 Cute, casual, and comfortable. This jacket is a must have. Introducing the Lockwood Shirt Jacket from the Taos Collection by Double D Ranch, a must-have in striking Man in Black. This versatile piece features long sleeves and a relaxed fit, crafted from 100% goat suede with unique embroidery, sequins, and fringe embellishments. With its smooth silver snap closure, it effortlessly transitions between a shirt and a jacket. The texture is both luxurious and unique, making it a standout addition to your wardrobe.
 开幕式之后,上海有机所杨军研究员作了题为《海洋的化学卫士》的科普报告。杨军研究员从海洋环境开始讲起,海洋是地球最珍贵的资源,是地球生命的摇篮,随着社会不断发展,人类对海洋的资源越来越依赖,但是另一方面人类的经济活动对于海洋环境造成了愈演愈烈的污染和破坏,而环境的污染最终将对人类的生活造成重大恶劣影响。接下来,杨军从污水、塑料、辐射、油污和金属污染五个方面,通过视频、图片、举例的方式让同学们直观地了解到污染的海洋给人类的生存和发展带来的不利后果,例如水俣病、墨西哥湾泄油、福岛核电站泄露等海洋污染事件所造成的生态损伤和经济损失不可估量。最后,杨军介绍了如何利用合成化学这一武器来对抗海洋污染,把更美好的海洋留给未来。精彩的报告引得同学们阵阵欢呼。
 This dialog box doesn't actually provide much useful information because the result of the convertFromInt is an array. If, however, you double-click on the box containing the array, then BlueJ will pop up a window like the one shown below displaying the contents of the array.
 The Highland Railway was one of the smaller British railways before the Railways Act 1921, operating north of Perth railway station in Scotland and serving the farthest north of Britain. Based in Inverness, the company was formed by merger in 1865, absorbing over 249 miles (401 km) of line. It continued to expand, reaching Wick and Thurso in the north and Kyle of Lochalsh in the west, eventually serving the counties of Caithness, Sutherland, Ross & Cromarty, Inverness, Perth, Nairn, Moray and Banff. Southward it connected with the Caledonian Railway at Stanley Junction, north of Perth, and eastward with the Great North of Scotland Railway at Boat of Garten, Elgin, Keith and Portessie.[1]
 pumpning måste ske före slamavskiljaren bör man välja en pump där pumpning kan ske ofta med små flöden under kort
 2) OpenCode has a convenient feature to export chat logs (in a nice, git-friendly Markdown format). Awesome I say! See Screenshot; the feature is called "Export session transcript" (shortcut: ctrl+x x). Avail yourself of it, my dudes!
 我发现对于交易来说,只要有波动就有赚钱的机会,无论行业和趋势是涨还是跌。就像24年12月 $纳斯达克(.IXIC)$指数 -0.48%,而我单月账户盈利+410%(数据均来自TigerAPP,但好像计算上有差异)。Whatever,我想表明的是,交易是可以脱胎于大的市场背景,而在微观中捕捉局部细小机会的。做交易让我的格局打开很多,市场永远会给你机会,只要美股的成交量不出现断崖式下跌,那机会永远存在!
==
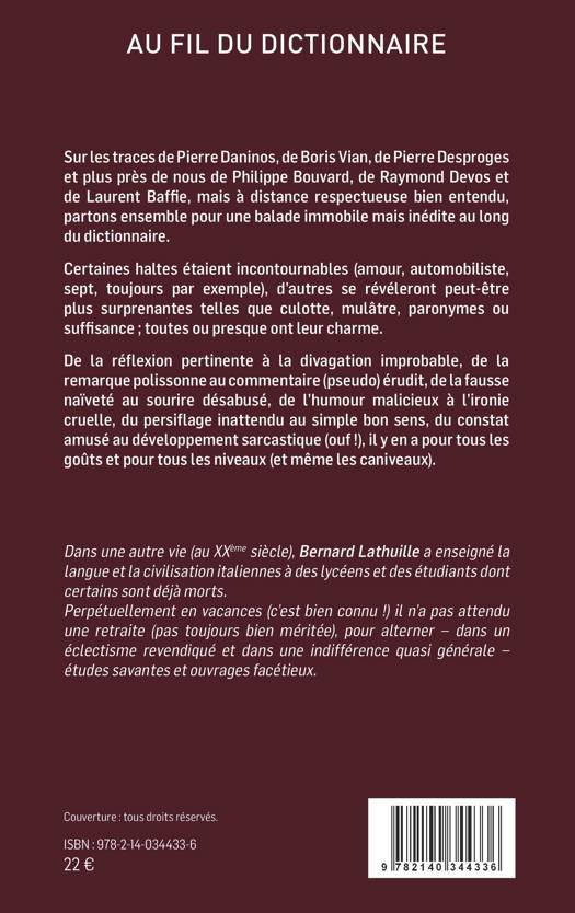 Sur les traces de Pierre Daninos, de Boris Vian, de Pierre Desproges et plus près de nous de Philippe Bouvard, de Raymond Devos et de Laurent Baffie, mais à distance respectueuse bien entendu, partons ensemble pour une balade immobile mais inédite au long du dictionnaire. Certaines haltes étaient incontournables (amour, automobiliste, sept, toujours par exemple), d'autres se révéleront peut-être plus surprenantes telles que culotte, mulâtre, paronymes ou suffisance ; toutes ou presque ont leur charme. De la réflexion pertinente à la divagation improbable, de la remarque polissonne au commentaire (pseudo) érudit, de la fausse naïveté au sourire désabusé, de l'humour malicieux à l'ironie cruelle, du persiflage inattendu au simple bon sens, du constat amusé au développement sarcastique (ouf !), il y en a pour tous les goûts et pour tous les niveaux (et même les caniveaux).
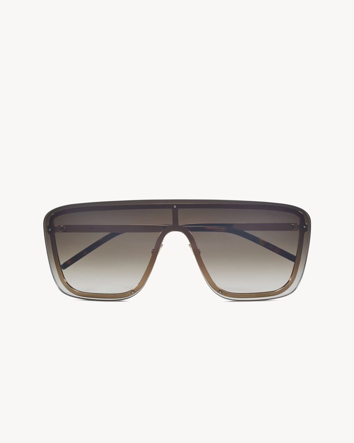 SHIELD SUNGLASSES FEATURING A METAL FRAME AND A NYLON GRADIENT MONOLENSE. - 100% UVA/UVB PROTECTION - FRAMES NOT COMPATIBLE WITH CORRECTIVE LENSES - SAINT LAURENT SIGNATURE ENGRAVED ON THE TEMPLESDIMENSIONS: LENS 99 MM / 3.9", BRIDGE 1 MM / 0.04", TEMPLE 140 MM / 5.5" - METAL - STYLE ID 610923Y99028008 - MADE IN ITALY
--
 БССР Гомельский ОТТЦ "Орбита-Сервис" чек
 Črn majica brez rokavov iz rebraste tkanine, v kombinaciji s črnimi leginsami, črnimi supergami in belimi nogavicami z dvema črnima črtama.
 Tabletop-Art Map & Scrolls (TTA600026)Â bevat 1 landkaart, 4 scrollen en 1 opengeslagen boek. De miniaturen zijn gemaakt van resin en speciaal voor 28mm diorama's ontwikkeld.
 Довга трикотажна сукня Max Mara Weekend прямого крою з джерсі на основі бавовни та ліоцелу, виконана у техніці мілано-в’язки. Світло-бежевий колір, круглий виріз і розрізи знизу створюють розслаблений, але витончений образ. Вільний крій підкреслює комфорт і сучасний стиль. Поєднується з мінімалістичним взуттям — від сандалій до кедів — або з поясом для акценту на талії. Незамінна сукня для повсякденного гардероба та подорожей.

What you have to do: Scan the listing above for the line that has "БССР Гомельский ОТТЦ", then copy exactly from that line through the line that has "Tabletop-Art Map &".

Response to the exercise:
 БССР Гомельский ОТТЦ "Орбита-Сервис" чек
 Črn majica brez rokavov iz rebraste tkanine, v kombinaciji s črnimi leginsami, črnimi supergami in belimi nogavicami z dvema črnima črtama.
 Tabletop-Art Map & Scrolls (TTA600026)Â bevat 1 landkaart, 4 scrollen en 1 opengeslagen boek. De miniaturen zijn gemaakt van resin en speciaal voor 28mm diorama's ontwikkeld.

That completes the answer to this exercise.